Not Invited to a Co-Worker's Wedding

posted 5 years ago in Etiquette
Post # 3
Member
853 posts
Busy bee
  • Wedding: June 2012

She’s not a friend. Stop helping her and move on.

Post # 4
Member
853 posts
Busy bee
  • Wedding: June 2012

And next time someone mentions the wedding, just tell them bluntly that you weren’t invited, but you hope they have a good time. That’s the truth and not catty.

Post # 5
Member
3230 posts
Sugar bee

@maronk:  Wow, she is so rude!!! I would just give her short replies when she askes me a wedding related question and try to ignore her for the most part. Don’t confront her or anything. It is her wedding after all.

Post # 6
Member
488 posts
Helper bee
  • Wedding: September 2014

@hisprettygirl:  +1

I agree next time someone asks just say you didn’t receive an invite but you hope they enjoy the wedding.  I would actually do it in front of the bride to be, because at this point it really sounds like she’s just using you

Post # 7
Member
9139 posts
Buzzing Beekeeper
  • Wedding: November 2013 - St. Augustine Beach, FL

@maronk:  This is exactly what happened to me when I worked at a small office.  Everyone else was invited except me.  I was disappointed but I got over it.  I ended up stuck answering phones at the office on the day of wedding which I learned later was the whole reason I wasn’t invited (someone had to be at the office that day to take messages even though we had an answering service.)  It sounds like she is being nice to you so you will pick up the slack with the work she isn’t doing because she is wedding planning.  With a small office it’s probably not worth complaining about.

You know where you stand with her.  I wouldn’t give her any more advice and I would gently remind her of her job duties and refuse to do some things for her from time to time.  She’s your co-qorker, not your friend.

Post # 8
Member
722 posts
Busy bee
  • Wedding: June 2013

@maronk:  I’d have to agree with PP, it’s rude (IMO) to involve someone in a wedding as much as she has you, asking your opinion and what not. I wouldn’t talk to her/anyone about the wedding or just say you would rather not talk about it. I’m sorry she has hurt your feelings Frown

Post # 9
Member
3569 posts
Sugar bee
  • Wedding: April 2013

Yeah, do your job, refuse to do hers, and don’t get worked up over her wedding. I personally don’t go places where I’m not wanted.

Post # 10
Member
3941 posts
Honey bee
  • Wedding: October 2011

Tell all your co-workers that you were not invited.  It’s really that simple.  It sucks that she hasn’t chosen to invite you but you need to cut your loses and not help her anymore.  When she wants to show a slideshow or talk about the wedding, retreat to your desk and continue doing work.

Post # 11
Member
5242 posts
Bee Keeper
  • Wedding: April 2013

What a biatch! That is so rude!!!! It’s also rude to just invite a few co-workers and not all if you work in a small office and are all close. I work in an office of 9 and I didnt invite any of my co-workers to me wedding

Post # 14
Member
2600 posts
Sugar bee
  • Wedding: October 2010

@maronk:  Well, she’s not obligated to invite you but it is pretty shitty of her to invite everyone else and exclude you.
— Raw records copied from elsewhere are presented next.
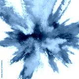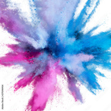 Colored powder explosion on a white background. Abstract closeup dust on backdrop. Colorful explode. Paint holi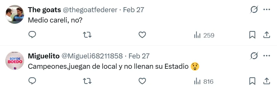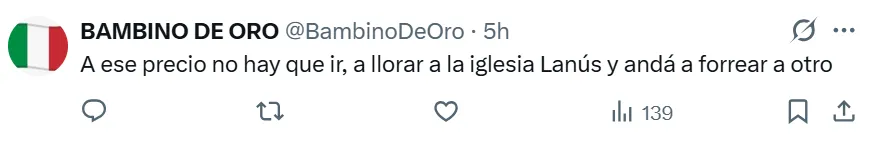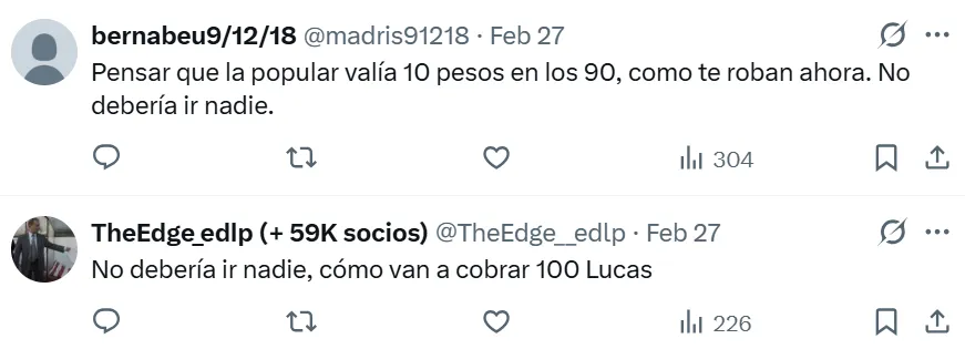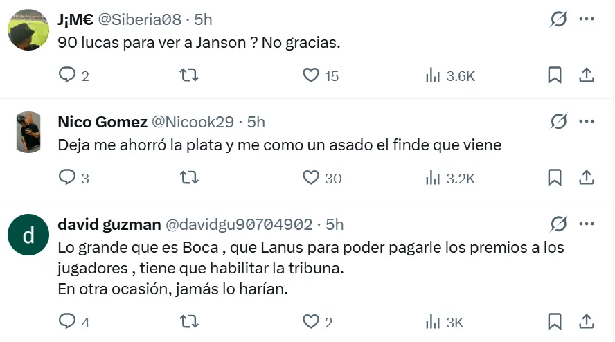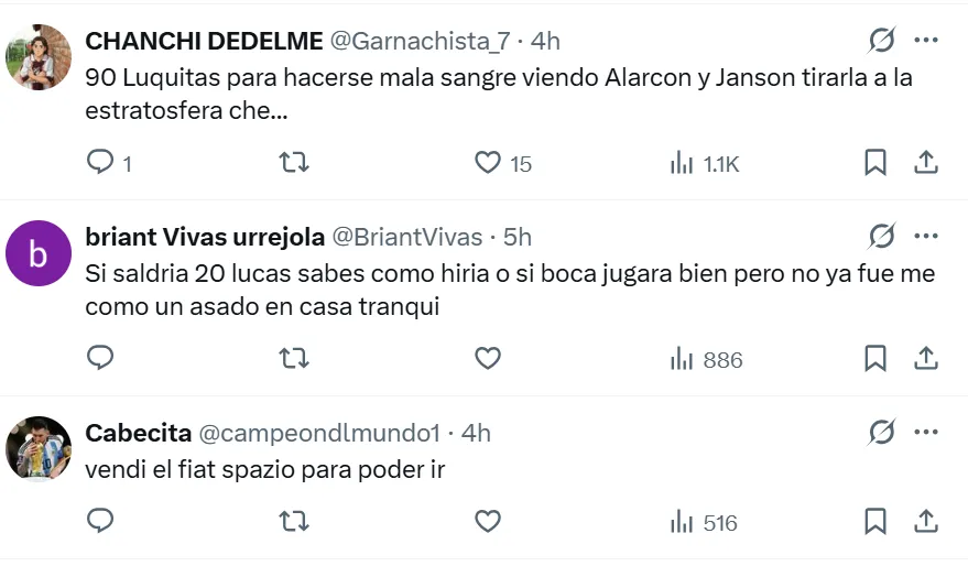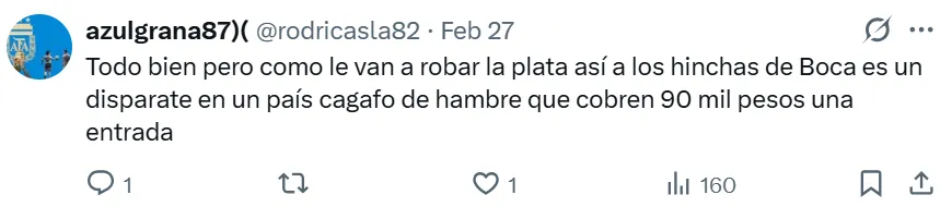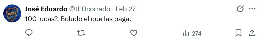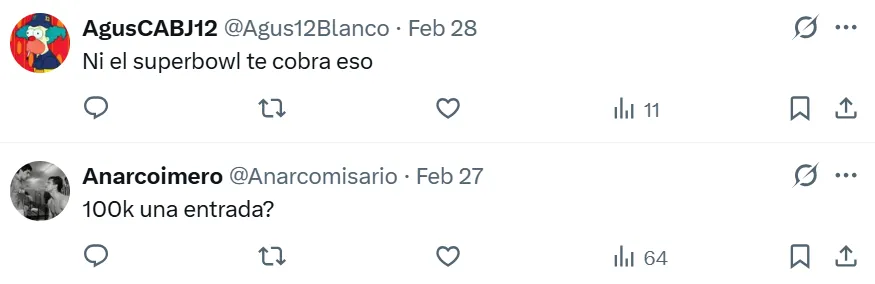 Como era de esperarse, las redes sociales se convirtieron en el principal canal de descargo para los hinchas xeneizes, arrojando reacciones de lo más diversas. La sorpresa por el costo de los tickets derivó rápidamente en enojo e ironía. Entre las múltiples quejas, un usuario graficó el asombro con una comparación contundente: “Ni el Super Bowl te cobra eso“.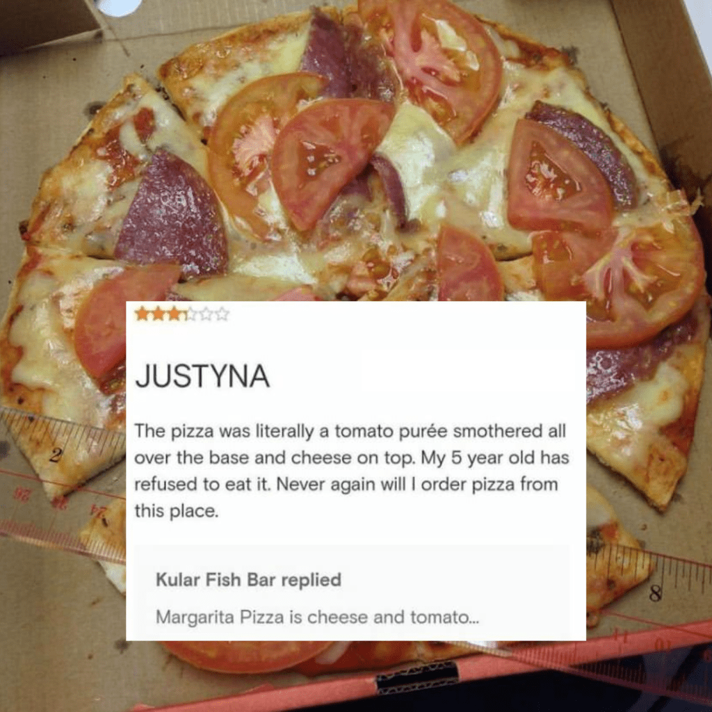 Apparently, the pizza was not up to her and her five-year-old standards! According to the mom, their pizza was nothing but tomato purée with cheese on top. As the owner of the restaurant reminded her, though, those are precisely the ingredients that go on a Margherita pizza!
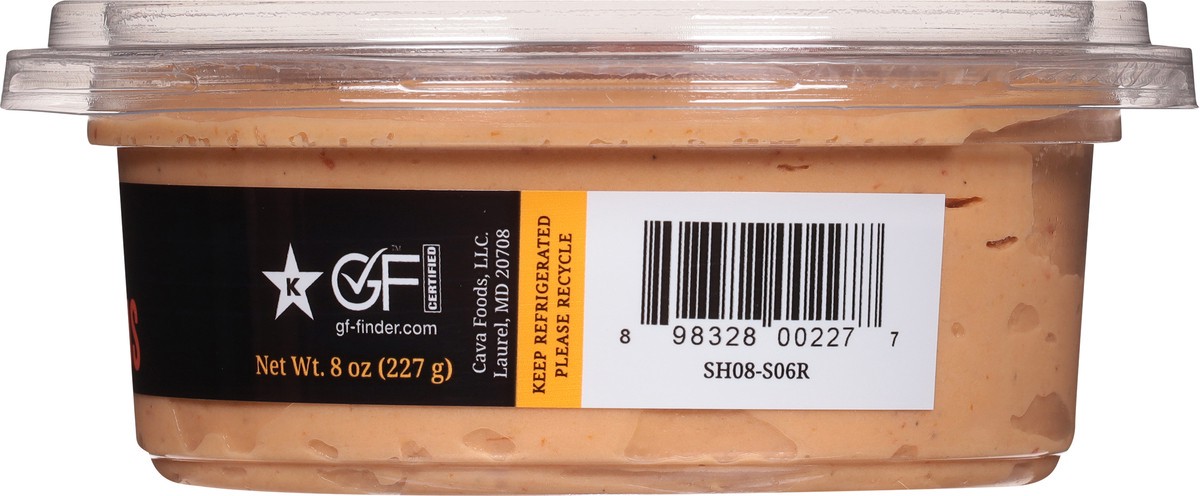 Organic Chickpeas, Sesame Tahini, Water, Tomato Paste (Tomato Paste, Citric Acid), Lemon Juice, Sunflower Oil & Olive Oil, Garlic, Salt, Citric Acid, Spices, Dried Onion & Garlic, Black Pepper.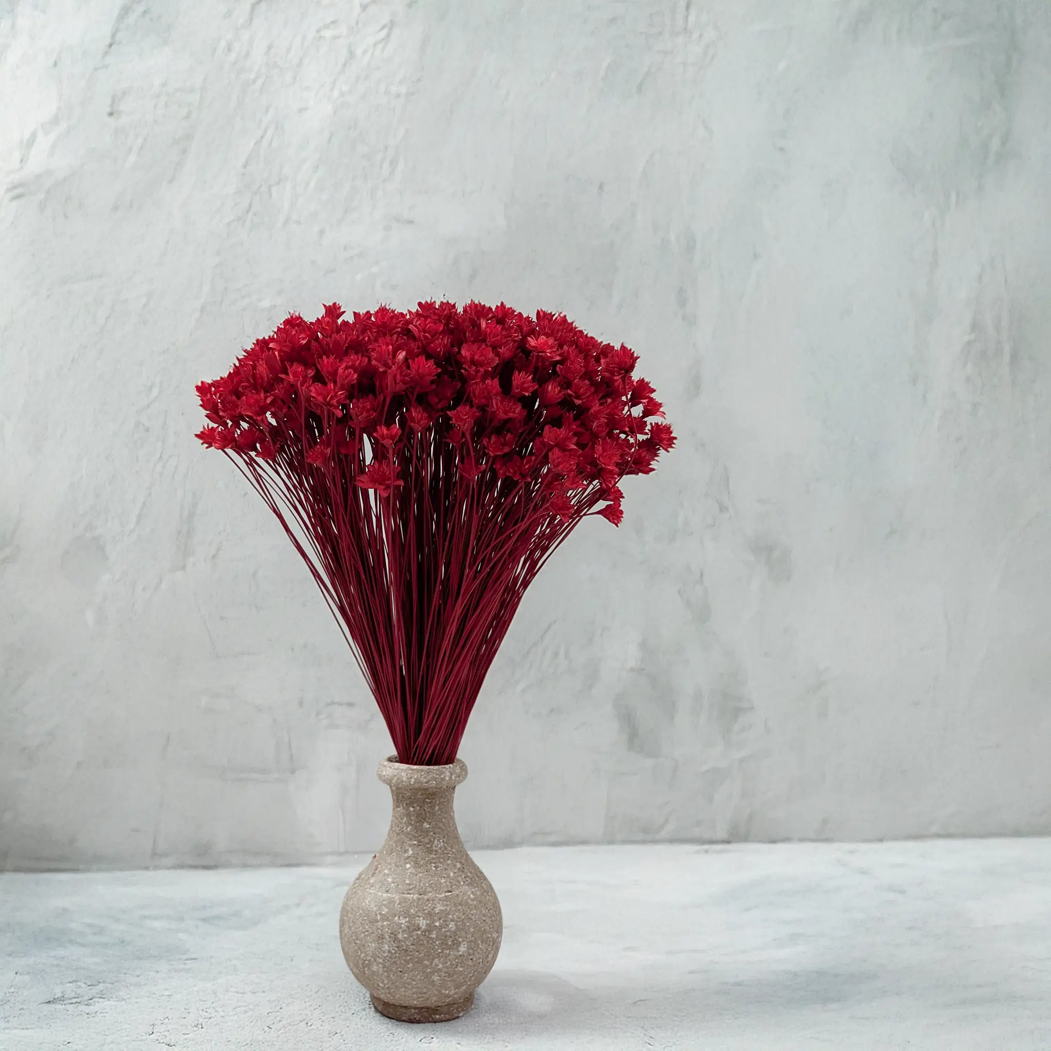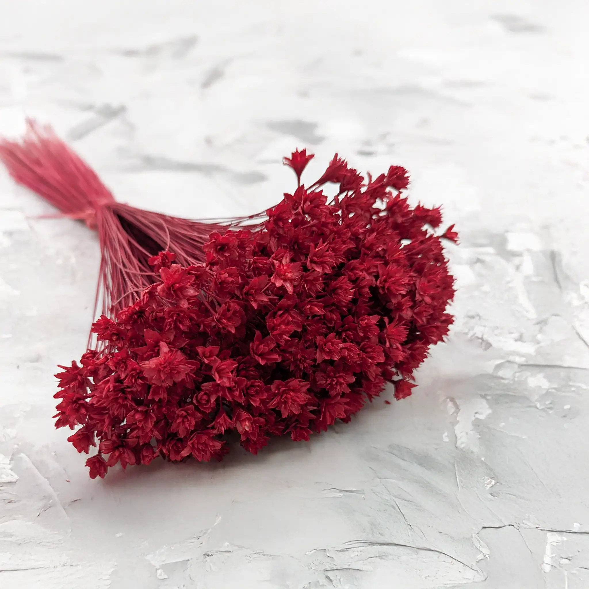 Discover the beauty of dried Hill Flowers in an intense, red color. This unique bouquet stands out with its rich, vibrant shade of red that will enliven any interior. The flowers are not only beautiful but also incredibly durable, allowing you to enjoy their charm for a long time without any special care.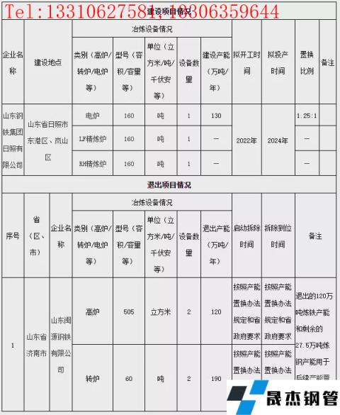 2022年1月11日,山東省工信廳發布《日照鋼鐵精品基地短流程綠色智慧示范項目產能置換方案》。方案表明,山東鋼鐵集團日照有限公司擬于2022年在山東省日照市東港區、嵐山區新建160t電爐1座,160tLF精煉爐1座,160tRH精煉爐1座,共計產能130萬噸/年,預計2024年投產。同時,山東閩源鋼鐵有限公司退出505m3高爐2座,產能120萬噸/年;60t轉爐2座,產能190萬噸/年。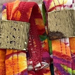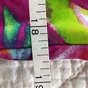 Big, bold and beautiful tropical print. Featuring adjustable straps and a modesty skirt. Some discoloration on gold tone strap embellishments.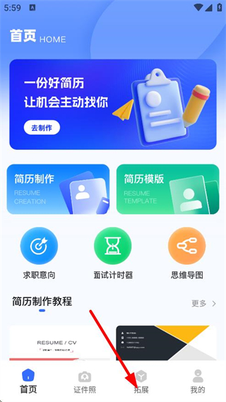 1、在求职类APP首页,点击底部拓展,进入拓展页面。

Distance yourself.  Be polite, be cordial but keep it professional.  Stop covering for her.  She’s being paid to work – not monitor her registry.  Stop doing her personal favors – you’re busy with your own work.  If she asks for a favor – you’re sorry, you can’t. 

If she tries to talk wedding, change the subject back to work.  If she asks for your opinion, you don’t have one – whatever she chooses will be just fine.

If someone mentions seeing you at the wedding reply calmly that you’re afraid they won’t as you weren’t invited.  Don’t sound resentful or sad – just factual. 

Post # 15
Member
503 posts
Busy bee
  • Wedding: August 2013

Is there any chance your invite got lost in the mail, or that this was an oversight? I’m so terrified I’ll accidentally leave someone of the list unintentionally, because it is a lot of information to keep track of, and not everyone is as into cross listing spread sheets as me my betrothed!

If not, then I agree with pp – honesty is your best policy!

Post # 16
Member
1357 posts
Bumble bee
  • Wedding: October 2012

The part about discussing her wedding with you and using you as a pack mule all the while excluding you is beyond rude.

 

But having her lie and cover for her at work so she can do wedding stuff instead of her job? That’s unethical, unprofessional, and not okay x1000. That’s the kind of thing that could get her and you in trouble. I mean honestly, if I were your boss, I would at least give her a stern warning and maybe fire her for that. I would use @hisprettygirl‘s advice for how to respond if someone brings up the wedding, but you need to stop letting her get away with using you as a doormat to get out of doing her job.